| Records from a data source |
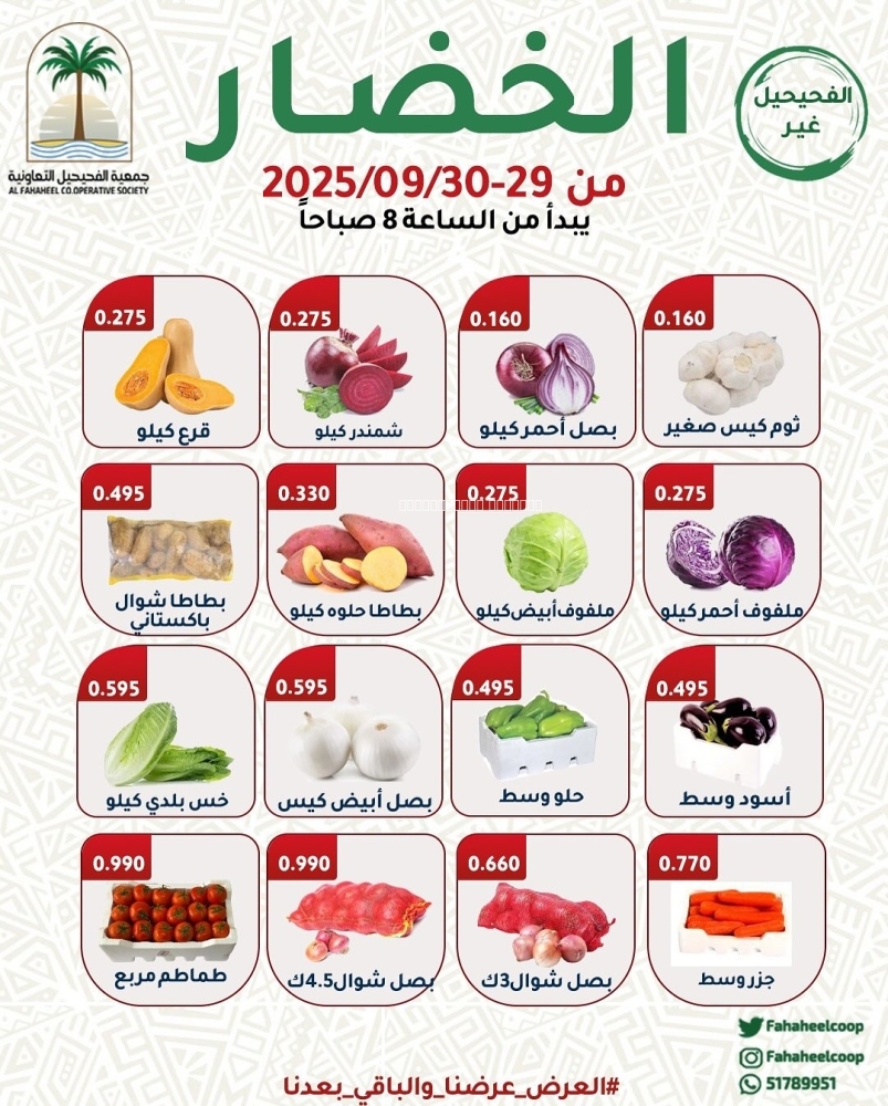 عروض جمعية الفحيحيل التعاونية اليوم 29 سبتمبر 2025 الموافق 6 ربيع الاخر 1447 عروض الخضار و الفواكه
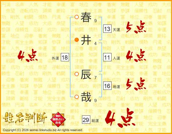 あなたの人生を表す1番重要な運勢です。生涯を通じて影響する総合運となり、主に50歳以降の晩年期に影響を及ぼします。苗字と名前の合計画数。
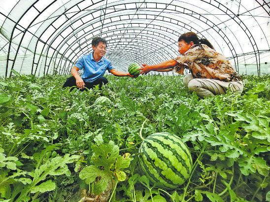 口袋公園,一座座由石碾、石磙組成的建筑高低錯落;采摘基地,一個個西瓜在瓜藤和綠葉間若隱若現(xiàn);花海之中,一朵朵清香撲鼻的金銀花掛滿枝頭……仲夏時節(jié),走進(jìn)曹縣青崗集鎮(zhèn)江海村,青磚黛瓦馬頭墻、新村舊落各美其美,村里的主干道直通水清木秀間。古老的村莊經(jīng)過再設(shè)計(jì),變成讓城里人心向往之的“綠富美”。
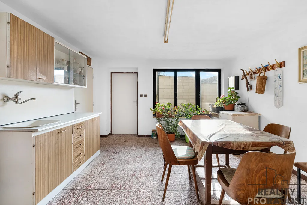 Dům je celkově podsklepený, průběžně udržovaný (nová plastová okna, nové povrchy podlah) a stále obývaný, ideální pro rodinu hledající pohodlné a praktické bydlení. Bonusem domu je krásný kvelbený sklep na víno a k němu náležící místnost na posezení a degustaci. Ve dvoře domu je také místnost na hospodářské potřeby a menší oplocený prostor, kde majitelé chovají slepičky
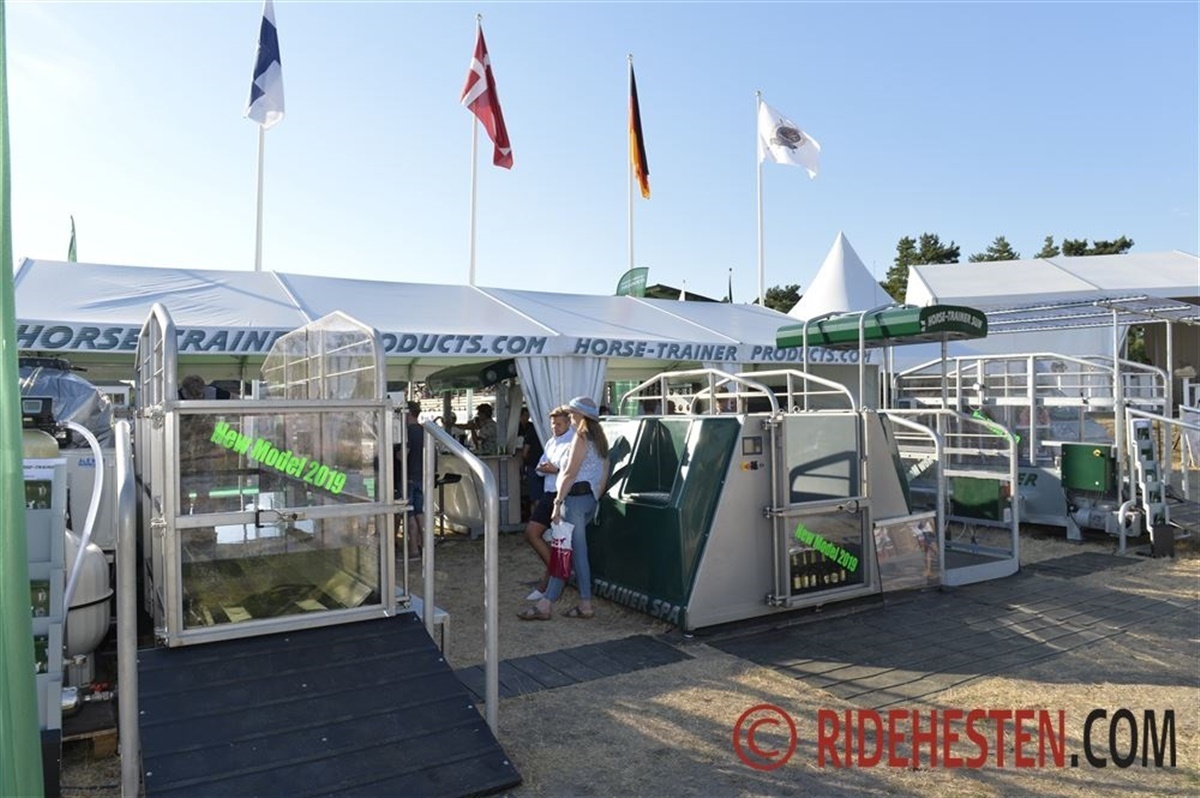 Norman har ellers vundet hævd på pladsen ved siden af den ene tribune ved springbanen, men nybyggeri gjorde pladsen klemt. Istedet har Horse-Trainer så fået ny placering for enden af dressurbanen, og det betyder, at man fra standen kan sidde behageligt og følge dressurkonkurrencerne. Det er ikke en billig investering: 150.000 skr. koster sådan en stand, men så er vand og strøm også gratis.
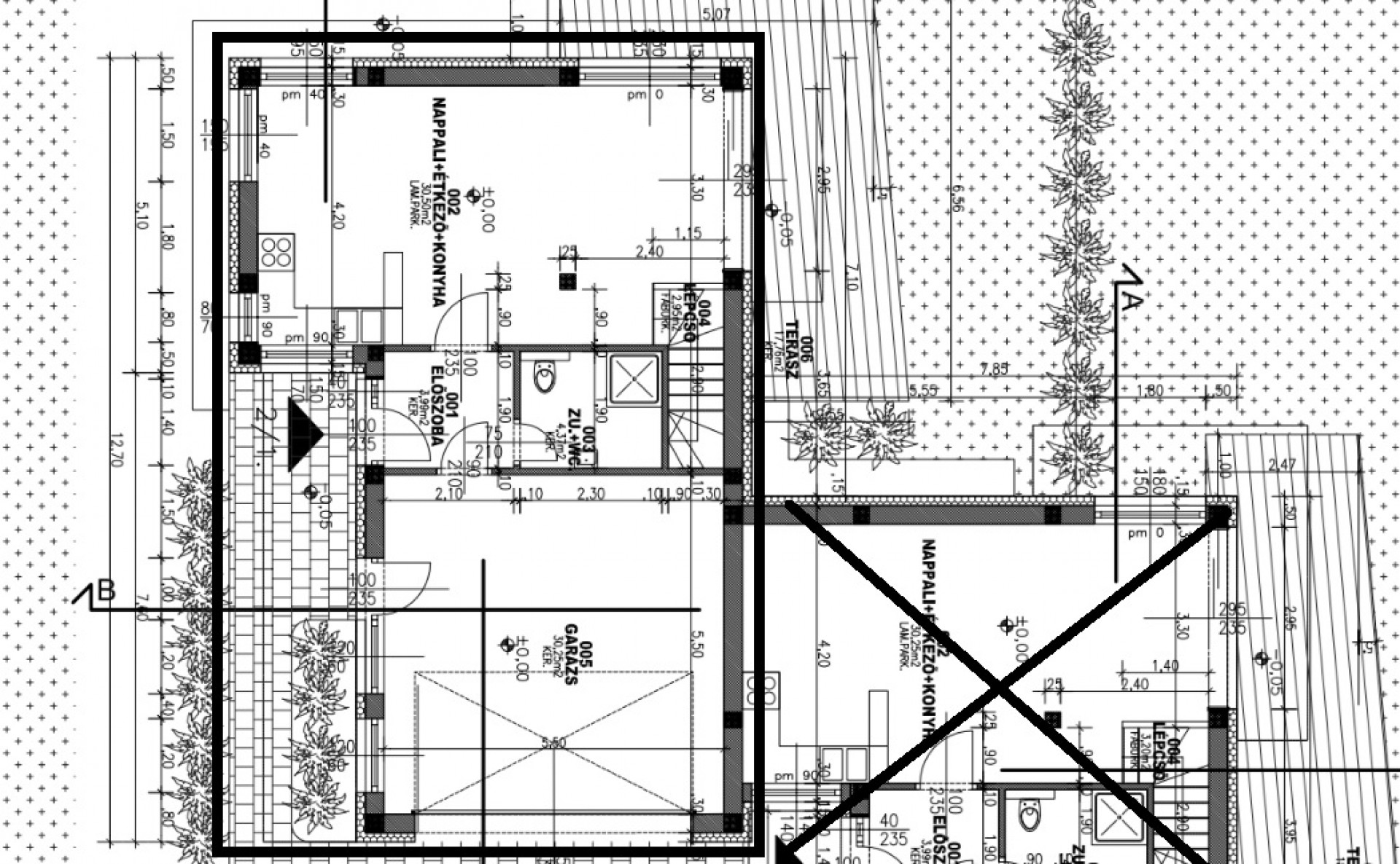 - Földszint: előszoba, amerikai konyhás nappali, zuhanyzós fürdő

| Task objective |
Leave out all pictures and retype precisely the lines that run from the line containing "Norman har ellers" to the last line of the records.

| Exercise result |
 Norman har ellers vundet hævd på pladsen ved siden af den ene tribune ved springbanen, men nybyggeri gjorde pladsen klemt. Istedet har Horse-Trainer så fået ny placering for enden af dressurbanen, og det betyder, at man fra standen kan sidde behageligt og følge dressurkonkurrencerne. Det er ikke en billig investering: 150.000 skr. koster sådan en stand, men så er vand og strøm også gratis.
 - Földszint: előszoba, amerikai konyhás nappali, zuhanyzós fürdő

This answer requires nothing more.